Your assignment –
All of the listing should be returned as written, apart from any picture in it.
+--
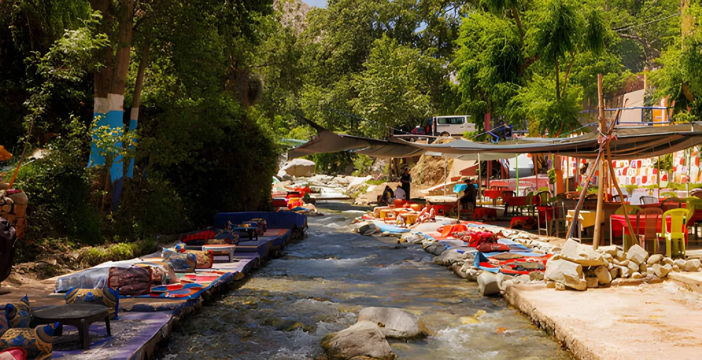 Just 45 minutes from the heat and hustle of Marrakech, the Ourika Valley unfolds like a hidden Eden—lush, tranquil, and steeped in Amazigh (Berber) tradition. Nestled in the foothills of the High Atlas Mountains, this verdant valley is home to the famed Setti Fatma Waterfalls, a series of seven cascading tiers fed by glacial snowmelt, surrounded by terraced farms, stone villages, and panoramic mountain vistas.
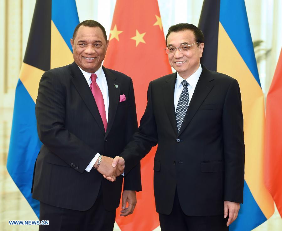 Chinese Premier Li Keqiang (R) meets with Bahamian Prime Minister Perry Christie, who is here to attend the First Ministerial Meeting of the Forum of China and the Community of Latin American and Caribbean States (CELAC), in Beijing, capital of China, Jan. 8, 2015. (Xinhua/Li Tao)
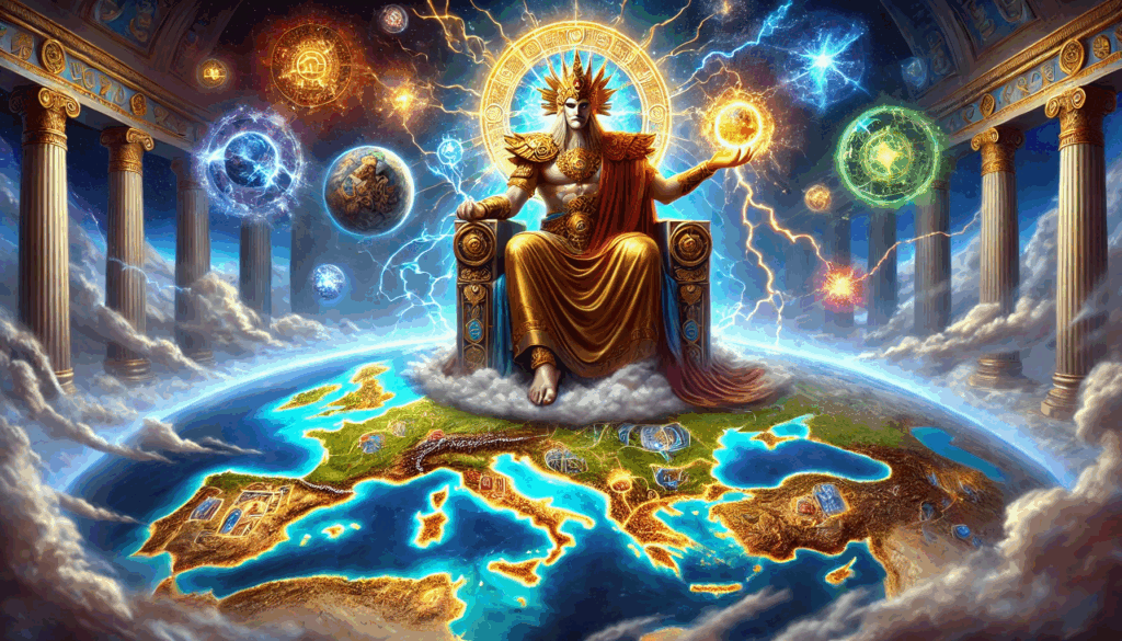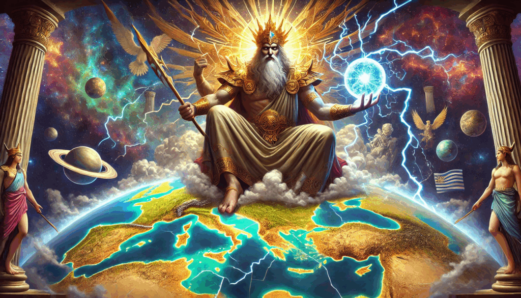 ZEUS (MARDUK) DIVIDES GREECE Above a fractured map of Greece, the cosmic figure of Marduk-Zeus looms—his lightning bolt and glowing orb symbolizing divine control over the warring city-states
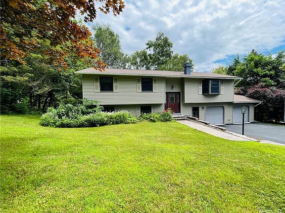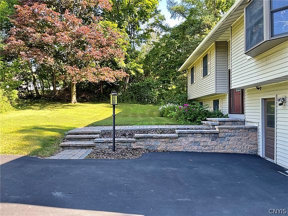 Come see this spacious raised ranch in the Marcellus school district! Walk up the stone steps with retaining wall to enter. Head down the stairs to the versatile family room / home office with a newly remodeled half bath. From the sliding glass door you enter the private fenced in back yard. On the main level there are three bedrooms with full bath. The kitchen, family room, and formal dining room blend together beautifully to make a great entertaining area. The vaulted ceilings make the space feel even larger! Sliding glass doors in the primary bedroom and formal dining room allow you to step onto the deck which runs the entire length of the house. Hardwoods floors are in great shape. Pergo Plus flooring downstairs. Front retaining wall and steps done in 2017. Fenced in yard. Newly remodeled half bath downstairs. Driveway topcoat in 2021. Two new mini split A/C units with Heat pumps installed in 2022. NEW ROOF 2022.
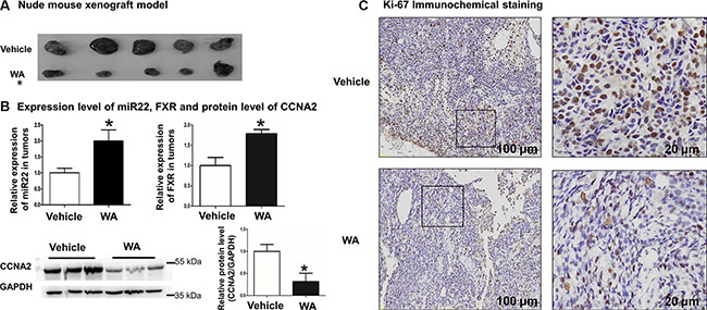 Figure 6: WA inhibited tumor masses in vivo in a subcutaneous xenograft mouse model of HCC. WA treatment significantly reduced the size of tumors (A). MiR22 and FXR expression level along with CCNA protein level were detected in tumors of WA-treated or untreated mice (B). Immunohistochemical staining was conducted by using anti-ki67 antibody in tumors of WA-treated or untreated mice (C). Data are presented as mean ± SD. *p < 0.05.
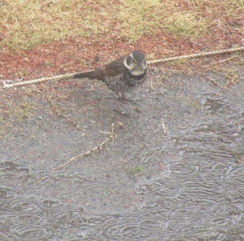 おまけ・・・、参観日の日は雨が降っていました。授業を見て回っている途中で運動場に目をやると、鳥が3羽ほどいました。降りしきる雨の中、しきりに地面をつついていました。左側はツグミのようですが・・・、右側の鳥はちょこっと違いますね。ヒヨドリかもしれません。春が近づくにつれて、運動場にやって来る鳥たちも増えてきました!ツバメもそろそろかな?(^o^)
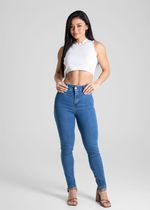 Calça levanta bumbum confeccionada em jeans. A modelagem tem quatro pences que valorizam as formas. Cintura médio Fechamento com botão metálico e zíper Bolsos frontais falsos e bolsos traseiros funcionais Barra simples Tecido: Jeans Tipo de lavagem: Azul Cor: Azul Claro
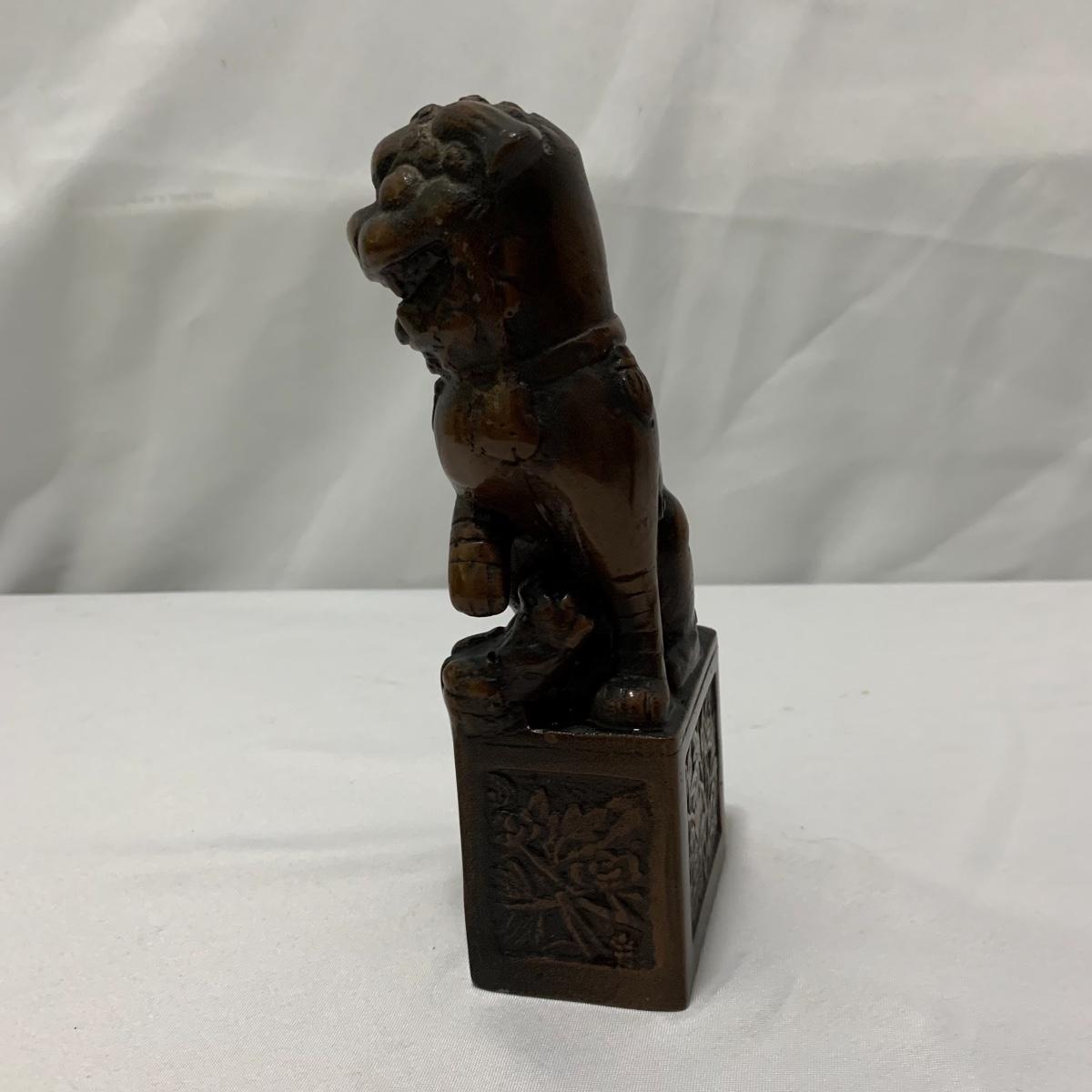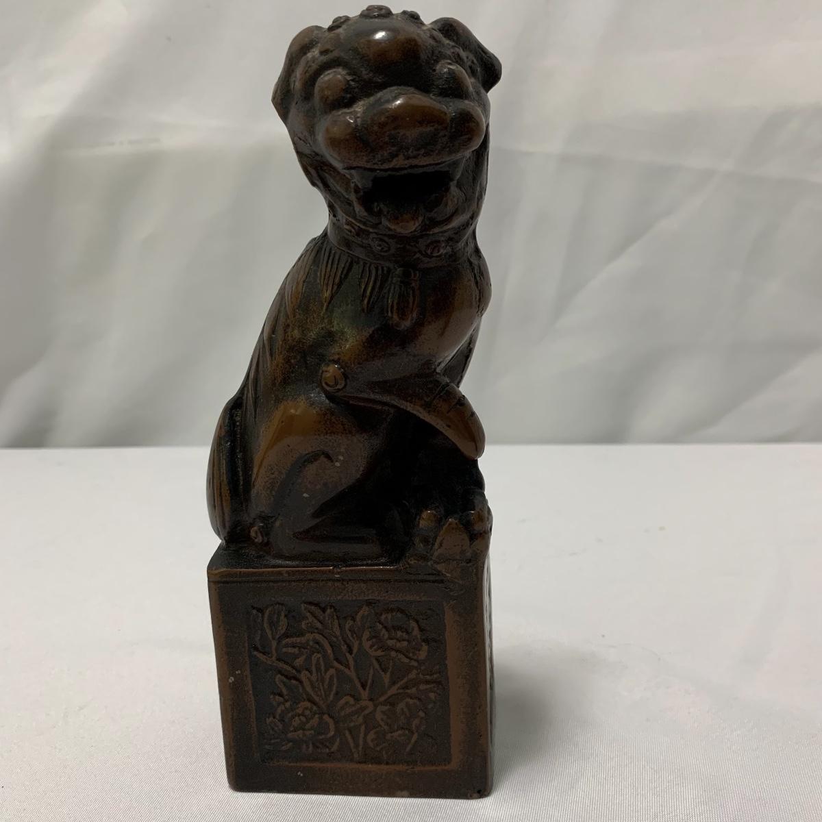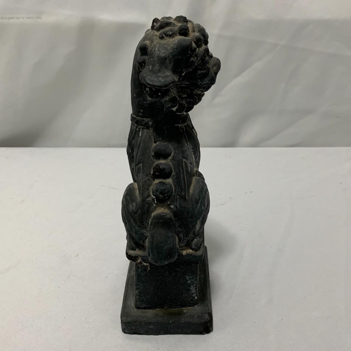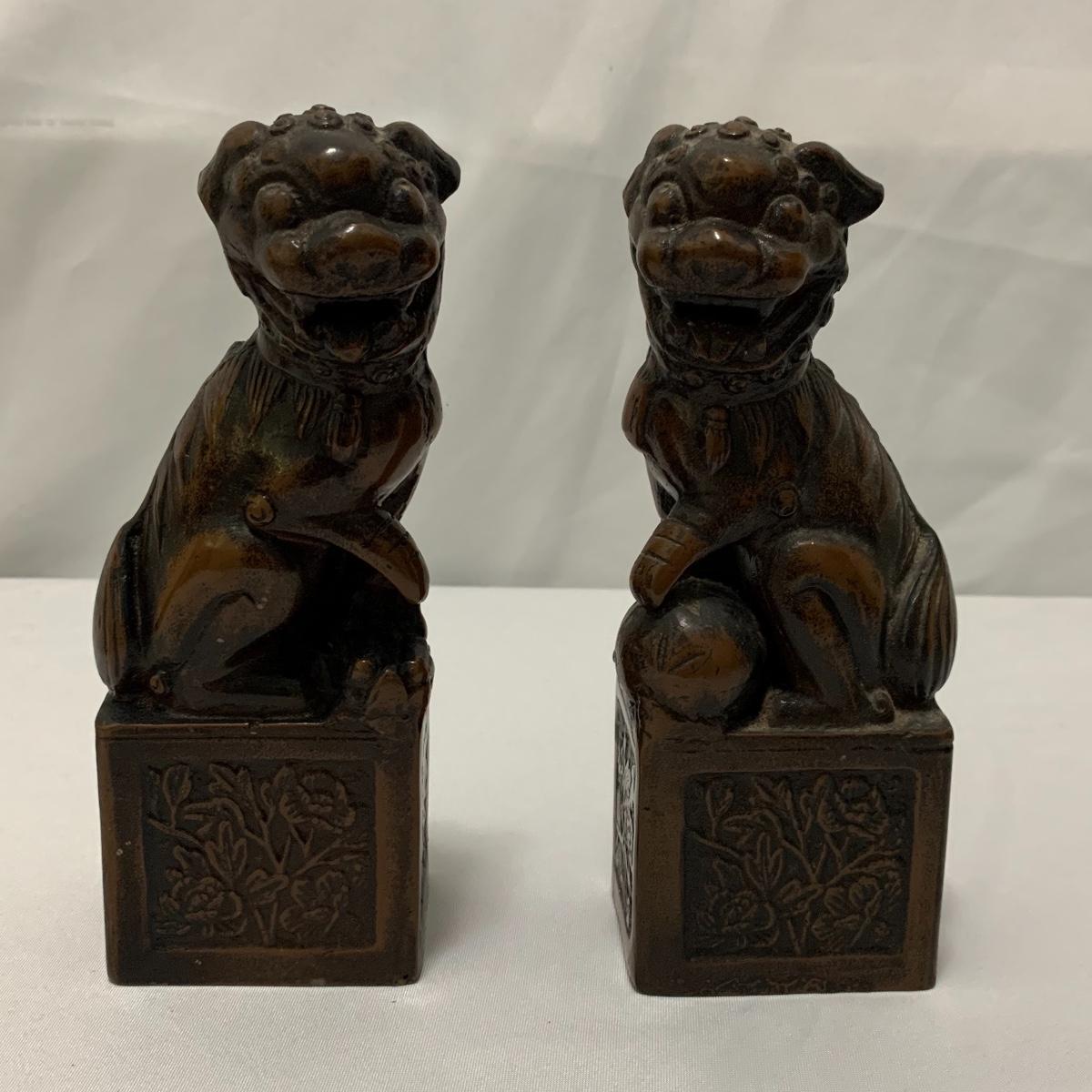 This lot has three unique and ornate foo dog statues. One is gray ceramic, with the foo dog sitting on a pedestal, looking straight at you. It has floppy ears and a spiny back. One of the ears is chipped, which you can only see from the back. The ceramic dog measures about 11” tall. The other two foo dogs are a matching set of heavy iron bookends. One is resting it’s paw on a ball, the other on a puppy. They stand at about 9” tall. Shipping available.
+--
Worked solution –
 Just 45 minutes from the heat and hustle of Marrakech, the Ourika Valley unfolds like a hidden Eden—lush, tranquil, and steeped in Amazigh (Berber) tradition. Nestled in the foothills of the High Atlas Mountains, this verdant valley is home to the famed Setti Fatma Waterfalls, a series of seven cascading tiers fed by glacial snowmelt, surrounded by terraced farms, stone villages, and panoramic mountain vistas.
 Chinese Premier Li Keqiang (R) meets with Bahamian Prime Minister Perry Christie, who is here to attend the First Ministerial Meeting of the Forum of China and the Community of Latin American and Caribbean States (CELAC), in Beijing, capital of China, Jan. 8, 2015. (Xinhua/Li Tao)
 ZEUS (MARDUK) DIVIDES GREECE Above a fractured map of Greece, the cosmic figure of Marduk-Zeus looms—his lightning bolt and glowing orb symbolizing divine control over the warring city-states
 Come see this spacious raised ranch in the Marcellus school district! Walk up the stone steps with retaining wall to enter. Head down the stairs to the versatile family room / home office with a newly remodeled half bath. From the sliding glass door you enter the private fenced in back yard. On the main level there are three bedrooms with full bath. The kitchen, family room, and formal dining room blend together beautifully to make a great entertaining area. The vaulted ceilings make the space feel even larger! Sliding glass doors in the primary bedroom and formal dining room allow you to step onto the deck which runs the entire length of the house. Hardwoods floors are in great shape. Pergo Plus flooring downstairs. Front retaining wall and steps done in 2017. Fenced in yard. Newly remodeled half bath downstairs. Driveway topcoat in 2021. Two new mini split A/C units with Heat pumps installed in 2022. NEW ROOF 2022.
 Figure 6: WA inhibited tumor masses in vivo in a subcutaneous xenograft mouse model of HCC. WA treatment significantly reduced the size of tumors (A). MiR22 and FXR expression level along with CCNA protein level were detected in tumors of WA-treated or untreated mice (B). Immunohistochemical staining was conducted by using anti-ki67 antibody in tumors of WA-treated or untreated mice (C). Data are presented as mean ± SD. *p < 0.05.
 おまけ・・・、参観日の日は雨が降っていました。授業を見て回っている途中で運動場に目をやると、鳥が3羽ほどいました。降りしきる雨の中、しきりに地面をつついていました。左側はツグミのようですが・・・、右側の鳥はちょこっと違いますね。ヒヨドリかもしれません。春が近づくにつれて、運動場にやって来る鳥たちも増えてきました!ツバメもそろそろかな?(^o^)
 Calça levanta bumbum confeccionada em jeans. A modelagem tem quatro pences que valorizam as formas. Cintura médio Fechamento com botão metálico e zíper Bolsos frontais falsos e bolsos traseiros funcionais Barra simples Tecido: Jeans Tipo de lavagem: Azul Cor: Azul Claro
 This lot has three unique and ornate foo dog statues. One is gray ceramic, with the foo dog sitting on a pedestal, looking straight at you. It has floppy ears and a spiny back. One of the ears is chipped, which you can only see from the back. The ceramic dog measures about 11” tall. The other two foo dogs are a matching set of heavy iron bookends. One is resting it’s paw on a ball, the other on a puppy. They stand at about 9” tall. Shipping available.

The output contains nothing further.